Hal Browne

Personal information
- Full name: Harold Browne
- Born: Sydney, New South Wales, Australia

Playing information
- Position: Centre
Club
| Years | Team | Pld | T | G | FG | P |
| 1964–70 | Balmain | 73 | 25 | 3 | 0 | 81 |
- Source: As of 17 May 2019

= Hal Browne =

Australian rugby league footballer

Hal Browne is an Australian former rugby league footballer who played in the 1960s and 1970s. He played for Balmain in the New South Wales Rugby League (NSWRL) competition.

==Playing career==
Browne made his first grade debut for Balmain in 1964. Browne did not feature in any of Balmain's finals games that year and subsequent grand final appearance against St George.

In 1966, Balmain would again reach the grand final against the all conquering St George side. Browne was not selected to play in the decider as St George defeated Balmain claiming their 11th straight premiership.

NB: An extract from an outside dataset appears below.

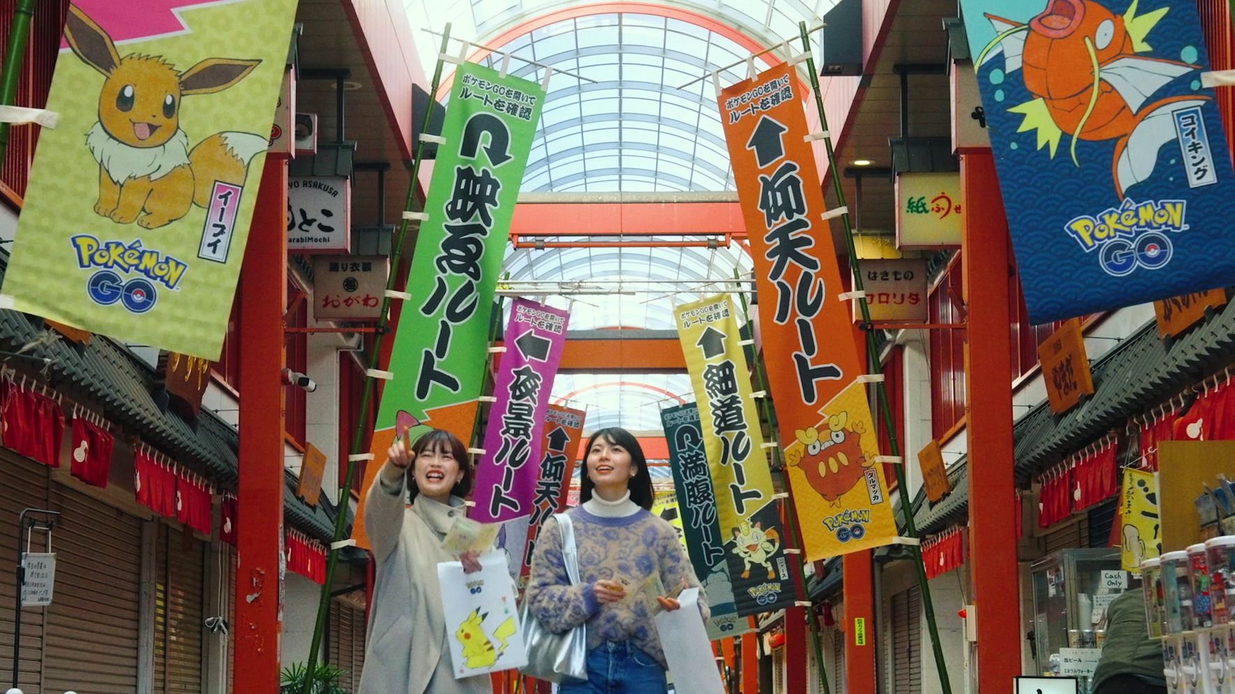 Other official Routes took the visitor beyond the usual Asakusa landmarks – Sensoji Temple, Kaminarimon Gate, Nakamise Shopping Street, etc. – to off-the-beaten-path locations of surprise and discovery. Walking along these Routes, the explorer saw Pokémon-themed decorations subtly placed so as not to spoil the natural appeal of the site. Special care was also taken to ensure optimal safety: for example, Routes didn’t include places too narrow for safe wandering. In these and other ways, the 8 official Pokémon GO Routes in Asakusa were designed for both enjoyment and safety.

In 1969, Balmain finished second on the table and reached the grand final after defeating Manly-Warringah in the preliminary final. Balmain's opponents in the grand final were South Sydney who went into the game as favourites over Balmain.

Browne missed the game through injury as Balmain won their 11th and final premiership 11-2 in a shock win. The grand final is best remembered for Balmain's tactics as Souths had accused them of laying down and feigning injury. In 2017, Browne spoke about the final saying "At training on the Tuesday night, Nosa said, ‘This is what we’re going to do — every time they get a roll-on, one of you go down hurt. I don’t care who it is, just go down hurt on the ground. We’ve got to play them at our pace, not at their pace.’ So we did it and it worked".

The following season in 1970, Balmain were unable to defend their premiership and finished a disappointing 6th place on the table. Browne retired following the conclusion of the 1970 season.